## Assignment
The required output is the exact run of lines from the one that contains "报名条件:1、具有中药师(初" to the end of the data, with every picture left out.

## Exercise data
--------------------------------

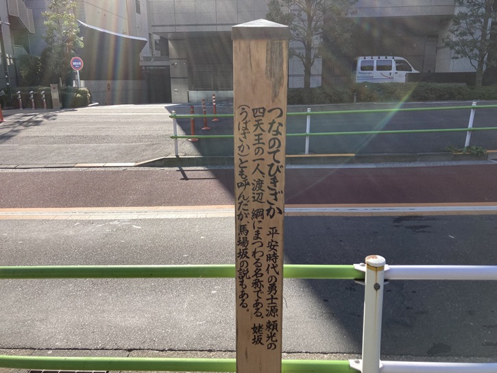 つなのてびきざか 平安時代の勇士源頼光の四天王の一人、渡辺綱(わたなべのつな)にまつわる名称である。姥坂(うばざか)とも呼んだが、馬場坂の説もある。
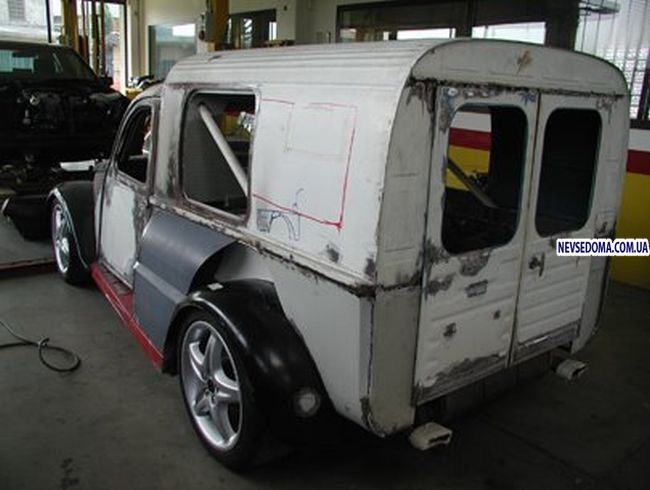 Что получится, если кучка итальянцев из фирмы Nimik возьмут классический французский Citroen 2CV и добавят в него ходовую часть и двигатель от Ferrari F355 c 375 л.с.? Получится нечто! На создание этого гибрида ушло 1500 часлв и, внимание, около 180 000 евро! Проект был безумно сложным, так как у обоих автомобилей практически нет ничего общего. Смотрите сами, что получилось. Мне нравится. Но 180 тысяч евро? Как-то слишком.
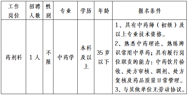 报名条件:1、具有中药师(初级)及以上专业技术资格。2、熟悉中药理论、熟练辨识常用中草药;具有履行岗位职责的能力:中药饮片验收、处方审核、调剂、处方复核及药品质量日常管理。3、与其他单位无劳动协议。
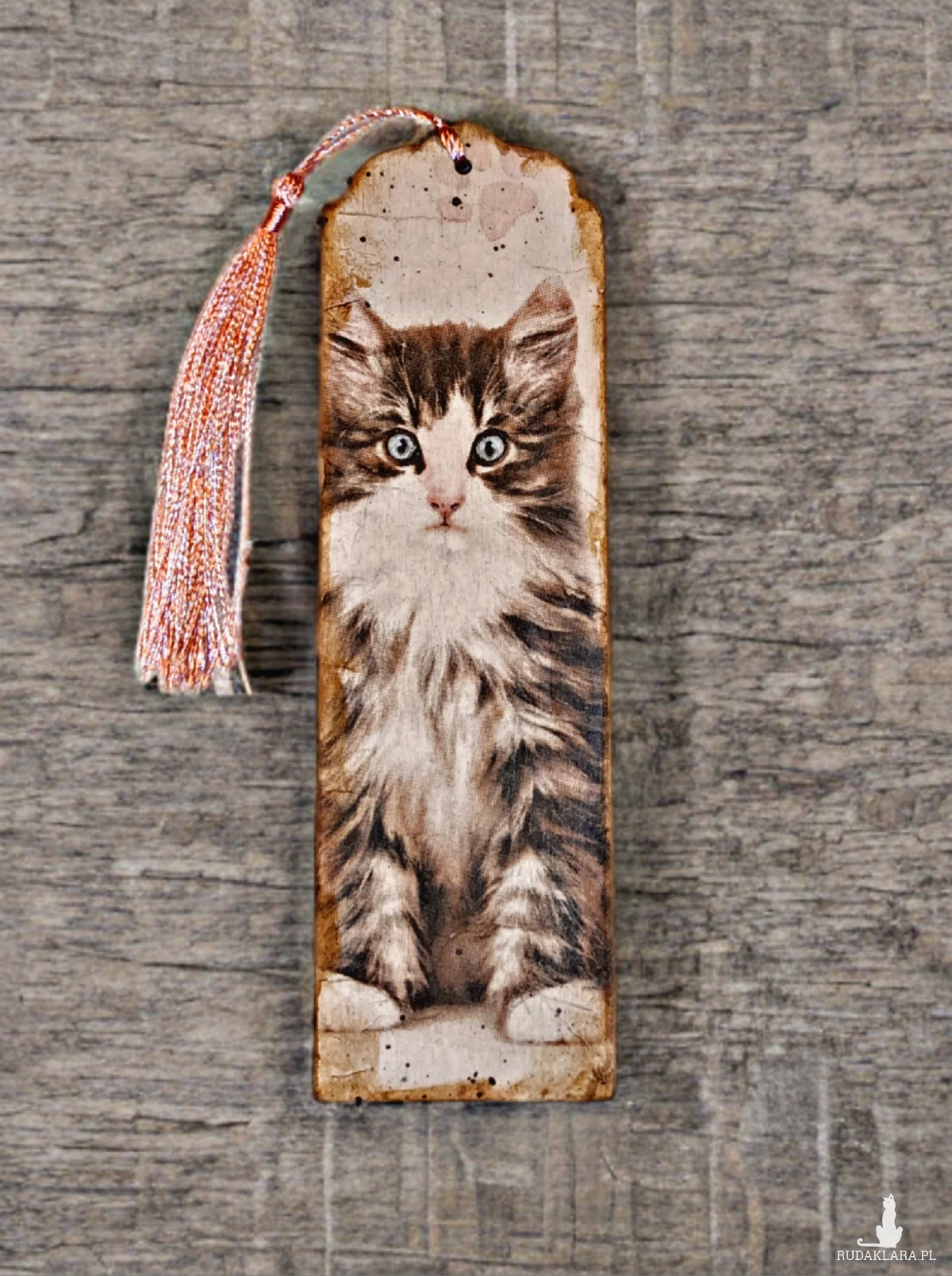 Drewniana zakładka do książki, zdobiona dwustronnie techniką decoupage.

--------------------------------

## Response to the task
 报名条件:1、具有中药师(初级)及以上专业技术资格。2、熟悉中药理论、熟练辨识常用中草药;具有履行岗位职责的能力:中药饮片验收、处方审核、调剂、处方复核及药品质量日常管理。3、与其他单位无劳动协议。
 Drewniana zakładka do książki, zdobiona dwustronnie techniką decoupage.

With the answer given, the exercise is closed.